UTF8Encoding question
-
Hello everybody, Basically the problem is that the UTF8Encoder is not able to get this char '²'. Is this a known fact, or am I doing something wrong? This is what I do in a test routine:
using (FileStream fs = File.OpenRead(filename)) { byte\[\] b = new byte\[10000\]; UTF8Encoding temp = new UTF8Encoding(false,true); int l=0; FileStream fw= File.Open("copy.txt",System.IO.FileMode.Create); while ((l = fs.Read(b,0,b.Length)) > 0) { string s= temp.GetString(b, 0, l); Console.WriteLine(s); //... } fw.Close(); }
Thanks for your time and help All the best, Martin
-
Hello everybody, Basically the problem is that the UTF8Encoder is not able to get this char '²'. Is this a known fact, or am I doing something wrong?

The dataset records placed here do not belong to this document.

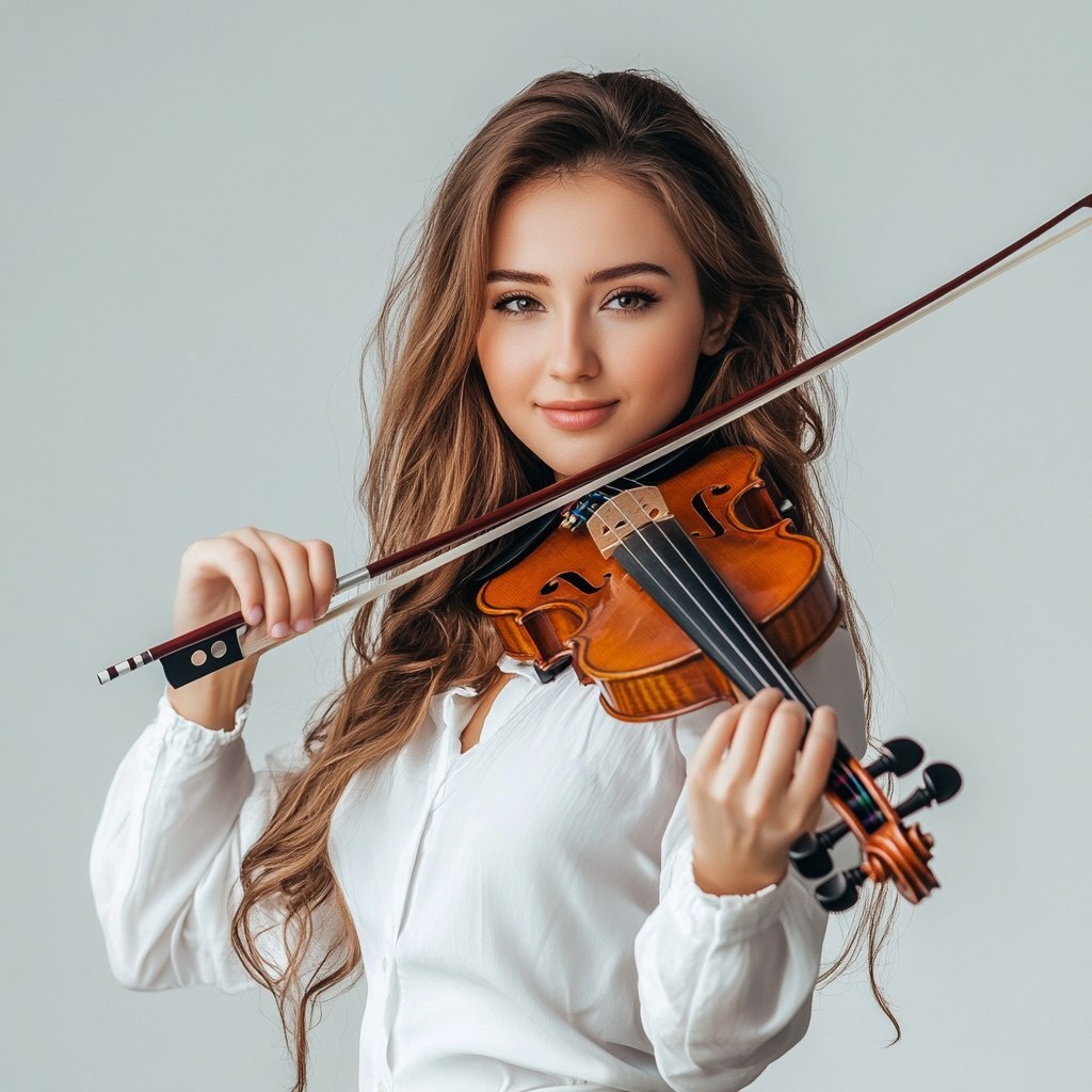 Создано на основе запроса: on a light grey background a beautiful musician plays the violin
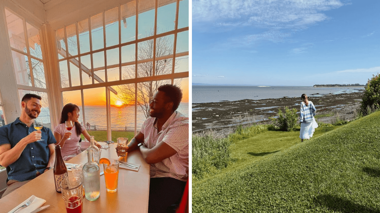 Ici, pas besoin d’un horaire chargé. Tu peux simplement suivre le littoral à pied ou à vélo et t’arrêter quand la vue te touche, admirer les montagnes de Charlevoix qui se dessinent au loin, ou t’offrir un moment de calme au spa Le Nordet. Tout invite à prendre son oublie le rush du quotidien.
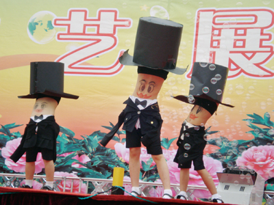 你看,孩子们身着美丽的服装翩翩起舞,像极了美丽的茶花仙子;两位小朋友演起了双簧,一个说一个演,夸赞竹马美、茶花香;一曲用古筝弹奏的《山茶花》引得大家侧耳倾听……而最吸引人眼球的莫过于小朋友们自创的舞蹈《肚皮娃娃》。黑色礼帽把演员们的头都遮住了,只露出画了笑脸的肚皮,腰上挂着小礼服,整个造型看上去就像是大头娃娃在跳舞,十分滑稽可爱。现场掌声不时响起。
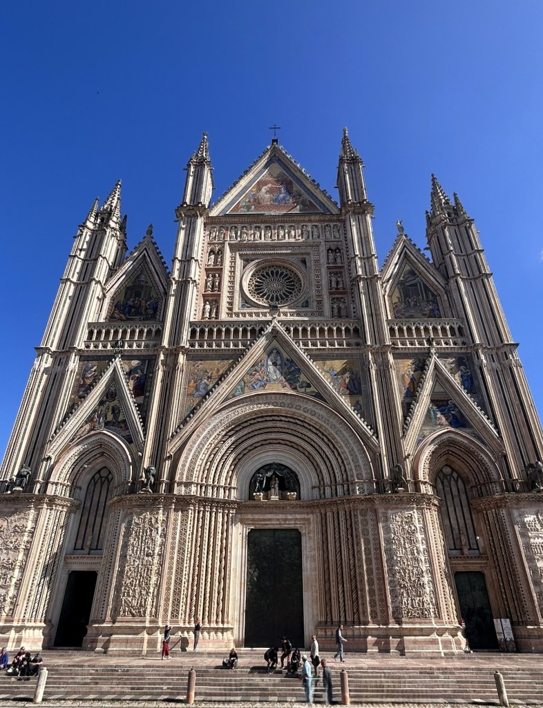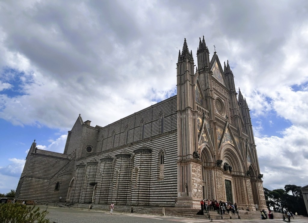 After a good night’s sleep we headed for Orvieta where we wanted to visit the cathedral, known to house some beautiful 14th century frescoes. Despite having found a car park that appeared to be well out of town, we had another nightmare drive getting stuck in the middle of no-traffic zones, 3.5 tonne limits and narrow streets. We tried three different options before eventually finding success in a tiny car park in the next town over. It was so small that we had to park horizontally across four spaces but had pretty much stopped caring by that point.

This is what I do in a test routine:
using (FileStream fs = File.OpenRead(filename)) { byte\[\] b = new byte\[10000\]; UTF8Encoding temp = new UTF8Encoding(false,true); int l=0; FileStream fw= File.Open("copy.txt",System.IO.FileMode.Create); while ((l = fs.Read(b,0,b.Length)) > 0) { string s= temp.GetString(b, 0, l); Console.WriteLine(s); //... } fw.Close(); }
Thanks for your time and help All the best, Martin
Can your console output the character even if it is read correctly? If your console code page does not support it your program won't display it. UTF8 is multibyte, so your read operation might split the byte stream in the middle of a character. Create a StreamReader with Encoding.UTF8 to avoid having to deal with this manually. Edit: Are you sure your file is actually UTF-8 encoded? :)
-
Can your console output the character even if it is read correctly? If your console code page does not support it your program won't display it. UTF8 is multibyte, so your read operation might split the byte stream in the middle of a character. Create a StreamReader with Encoding.UTF8 to avoid having to deal with this manually. Edit: Are you sure your file is actually UTF-8 encoded? :)
-
Hello, First, thanks for youre time! Actually I started by using a StreamReader, with the result that the complete line was there but without the '²' character. Any other suggestions? All the best, Martin
First of all, check the source file (in my experience the most likely error). The character should be encoded with the byte sequence C2 B2. As a quick hack to test it rename the input file so it has a bin extension and load it in Visual Studio - you should now see the byte content in a hex format.
-
First of all, check the source file (in my experience the most likely error). The character should be encoded with the byte sequence C2 B2. As a quick hack to test it rename the input file so it has a bin extension and load it in Visual Studio - you should now see the byte content in a hex format.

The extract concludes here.